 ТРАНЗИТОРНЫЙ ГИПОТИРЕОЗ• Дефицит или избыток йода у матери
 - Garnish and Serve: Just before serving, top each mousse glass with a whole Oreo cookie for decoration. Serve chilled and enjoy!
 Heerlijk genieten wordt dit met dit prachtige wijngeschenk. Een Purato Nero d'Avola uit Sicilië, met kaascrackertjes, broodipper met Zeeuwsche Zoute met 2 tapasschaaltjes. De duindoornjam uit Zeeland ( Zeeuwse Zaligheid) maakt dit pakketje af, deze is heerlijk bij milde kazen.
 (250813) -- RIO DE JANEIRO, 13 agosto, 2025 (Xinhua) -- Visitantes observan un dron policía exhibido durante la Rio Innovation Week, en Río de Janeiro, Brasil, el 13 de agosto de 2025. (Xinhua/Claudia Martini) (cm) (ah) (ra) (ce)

※ ※ ※

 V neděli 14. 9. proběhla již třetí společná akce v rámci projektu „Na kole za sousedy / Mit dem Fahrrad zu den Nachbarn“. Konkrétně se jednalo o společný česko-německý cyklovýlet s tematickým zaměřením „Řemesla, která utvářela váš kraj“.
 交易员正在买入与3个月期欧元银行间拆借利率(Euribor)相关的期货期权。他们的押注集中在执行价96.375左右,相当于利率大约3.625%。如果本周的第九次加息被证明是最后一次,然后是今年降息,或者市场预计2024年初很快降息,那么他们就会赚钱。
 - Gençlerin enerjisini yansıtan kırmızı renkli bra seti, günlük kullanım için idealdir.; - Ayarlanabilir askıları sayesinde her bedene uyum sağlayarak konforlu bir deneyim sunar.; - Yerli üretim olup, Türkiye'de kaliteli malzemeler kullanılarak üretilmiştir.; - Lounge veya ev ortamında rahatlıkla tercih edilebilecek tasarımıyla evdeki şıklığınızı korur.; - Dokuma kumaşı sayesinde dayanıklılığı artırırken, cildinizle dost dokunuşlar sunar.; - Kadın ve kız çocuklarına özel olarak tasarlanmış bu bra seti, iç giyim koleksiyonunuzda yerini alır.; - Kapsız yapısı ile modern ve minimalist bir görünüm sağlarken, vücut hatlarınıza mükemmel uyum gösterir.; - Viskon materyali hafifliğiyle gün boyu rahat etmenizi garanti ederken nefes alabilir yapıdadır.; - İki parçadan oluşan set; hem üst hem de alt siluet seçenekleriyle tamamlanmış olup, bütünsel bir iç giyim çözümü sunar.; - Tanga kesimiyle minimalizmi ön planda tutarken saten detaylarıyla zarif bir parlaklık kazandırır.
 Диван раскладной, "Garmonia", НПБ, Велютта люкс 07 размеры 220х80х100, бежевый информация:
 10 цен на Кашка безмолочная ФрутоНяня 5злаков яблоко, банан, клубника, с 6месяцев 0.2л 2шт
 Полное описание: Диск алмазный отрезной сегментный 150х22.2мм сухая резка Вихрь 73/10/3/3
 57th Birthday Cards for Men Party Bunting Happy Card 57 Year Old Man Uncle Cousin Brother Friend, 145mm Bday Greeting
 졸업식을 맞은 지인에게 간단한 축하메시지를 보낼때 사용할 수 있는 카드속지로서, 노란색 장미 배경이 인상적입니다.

※ ※ ※

■ Task directions ■
Look through the material above and print exactly the lines from the one containing "ТРАНЗИТОРНЫЙ ГИПОТИРЕОЗ• Дефицит" to the one containing "(250813) -- RIO", both included, and nothing more.

■ Output of the task ■
 ТРАНЗИТОРНЫЙ ГИПОТИРЕОЗ• Дефицит или избыток йода у матери
 - Garnish and Serve: Just before serving, top each mousse glass with a whole Oreo cookie for decoration. Serve chilled and enjoy!
 Heerlijk genieten wordt dit met dit prachtige wijngeschenk. Een Purato Nero d'Avola uit Sicilië, met kaascrackertjes, broodipper met Zeeuwsche Zoute met 2 tapasschaaltjes. De duindoornjam uit Zeeland ( Zeeuwse Zaligheid) maakt dit pakketje af, deze is heerlijk bij milde kazen.
 (250813) -- RIO DE JANEIRO, 13 agosto, 2025 (Xinhua) -- Visitantes observan un dron policía exhibido durante la Rio Innovation Week, en Río de Janeiro, Brasil, el 13 de agosto de 2025. (Xinhua/Claudia Martini) (cm) (ah) (ra) (ce)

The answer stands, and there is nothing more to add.